Dozens of additional law enforcement officers from six states are headed to North Dakota under the Emergency Management Assistance Compact (EMAC), a program designed to facilitate state-to-state disaster relief assistance. While this compact has been used in times of riot, its use in peaceful protests or non-violent direct actions seems unprecedented.
On Aug. 19, North Dakota Gov. Jack Dalrymple issued a state of emergency, which is a prerequisite to requesting help under EMAC.
"This emergency declaration simply allows us to bring greater resources to bear if needed to help local officials address any further public safety concerns," Gov. Dalrymple said.
But, according to Jennifer Cook, policy director for the American Civil Liberties Union of North Dakota:
The origins of the state's overreaction can be traced to a lawsuit filed by the oil pipeline company—Dakota Access—against protesters in federal court to stop demonstrations near its construction sites. To sway the court's decision and likely public opinion, too, the pipeline company claimed it feared violence from protesters was imminent because of a few vague threats posted on social media and an anonymous email.
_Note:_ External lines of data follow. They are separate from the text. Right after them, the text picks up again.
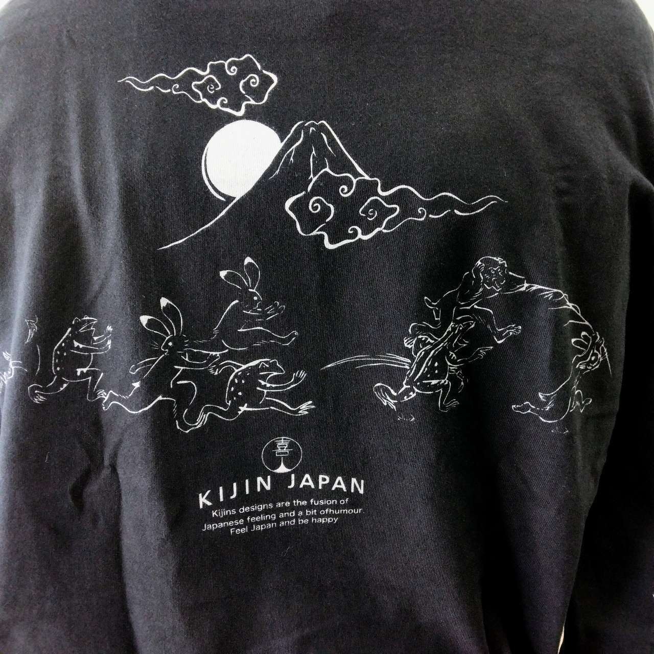 和柄プリントが目を引く「鬼ごっこプリント」の黒Tシャツ。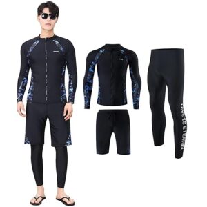 [Nesseo] ラッシュガード メンズ セット 水着 ラッシュレギンス 長袖 前開き サーフパンツ 3点セット スイムウェア スイム シャツ 水陸両用 日焼け予防 速乾 UVカット プール 海 サーフィン W036M-blk-2XL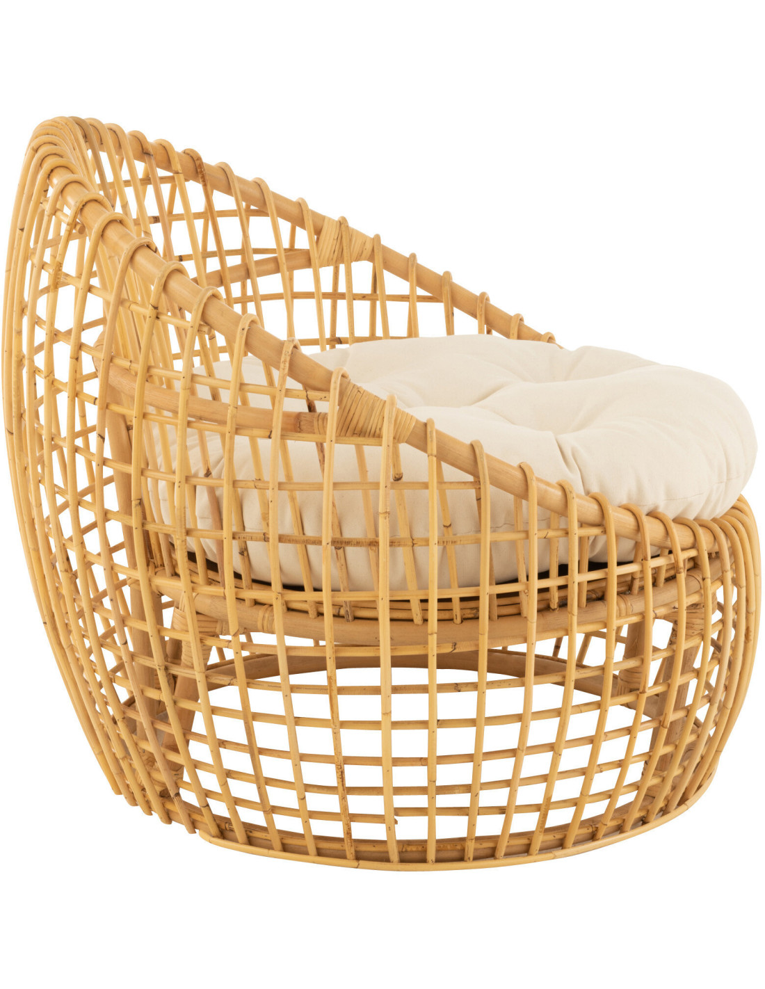 Fauteuil Rond en Rotin Naturel Polyester Blanc Lise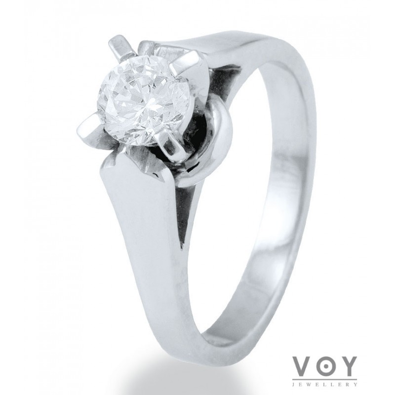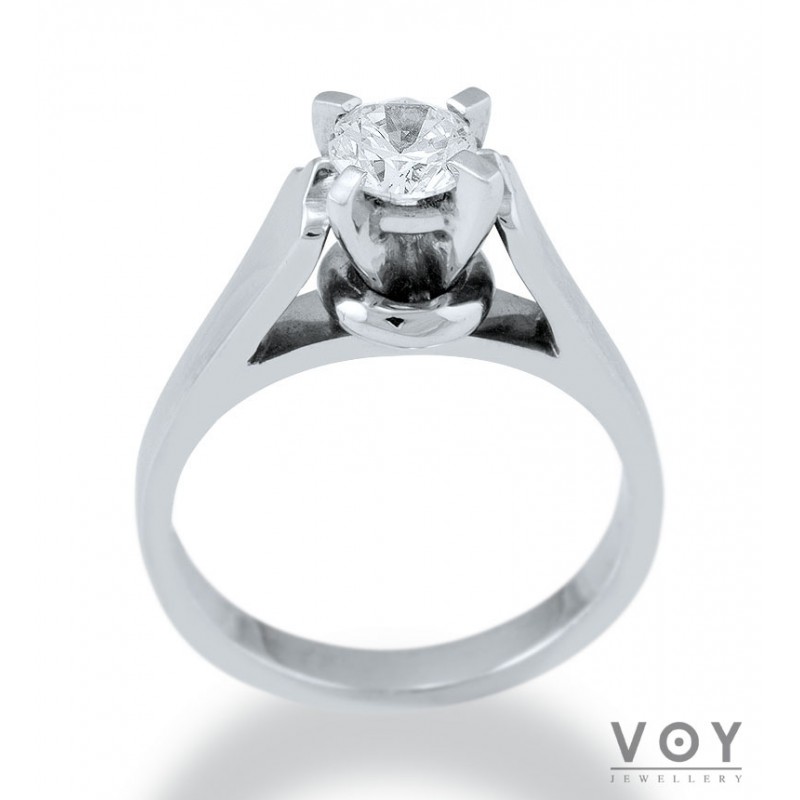 Δεξιοτεχνία, αρμονία και τελειότητα χαρακτηρίζει αυτό το μονόπετρο δαχτυλίδι από 18 καράτια Λευκόχρυσο με Διαμάντι.

Protesters have been arrested for pushing through police lines to stop construction equipment, but incidents like these in no way support declaring a state of emergency and militarizing the state's response.
The Standing Rock Sioux Tribe and others who have been trying to stop construction of the Dakota Access Pipeline have faced numerous police actions:
1. Attack dogs and mace: On Sept. 4, Morton County Sheriff's officers arrested 21 protestors as private security forces hired by Dakota Access LLC used mace and unleashed dogs. An estimated 30 people suffered temporary blindness, while several were attacked and bitten by the dogs.
2. Armored vehicles: On Sept. 29, during a peaceful prayer ceremony at Standing Rock, Morton County police moved in with armored vehicles and riot gear, arresting 21.
3. 126 Arrested: On Oct. 22, 126 people were arrested and charged with rioting and other offenses. Witnesses saw officers pepper-spraying people.
4. Journalists arrested: Democracy Now! journalist Amy Goodman was charged with rioting after her video report of the Sept. 4 incident went viral. The charge was thrown out in court. On Oct. 11, filmmaker Deia Schlosberg was jailed and charged with three felonies. She faces up to 45 years in prison if convicted.
"Prosecuting filmmakers for covering protests sends a chilling message," stated Robert Mahoney, deputy executive director of the Committee to Protect Journalists. He urged prosecutors to drop all charges.
Police line up against peaceful protestors on Oct. 22.Morton County Sheriff's Department
Justifying the weekend's arrests, an Oct. 23 press release from the Morton County Sheriff's office stated that "this escalated criminal behavior by protesters" calls for additional manpower. Now, increasingly militarized police will be joined by additional forces from Wisconsin, South Dakota, Minnesota, Wyoming, Indiana and Nebraska.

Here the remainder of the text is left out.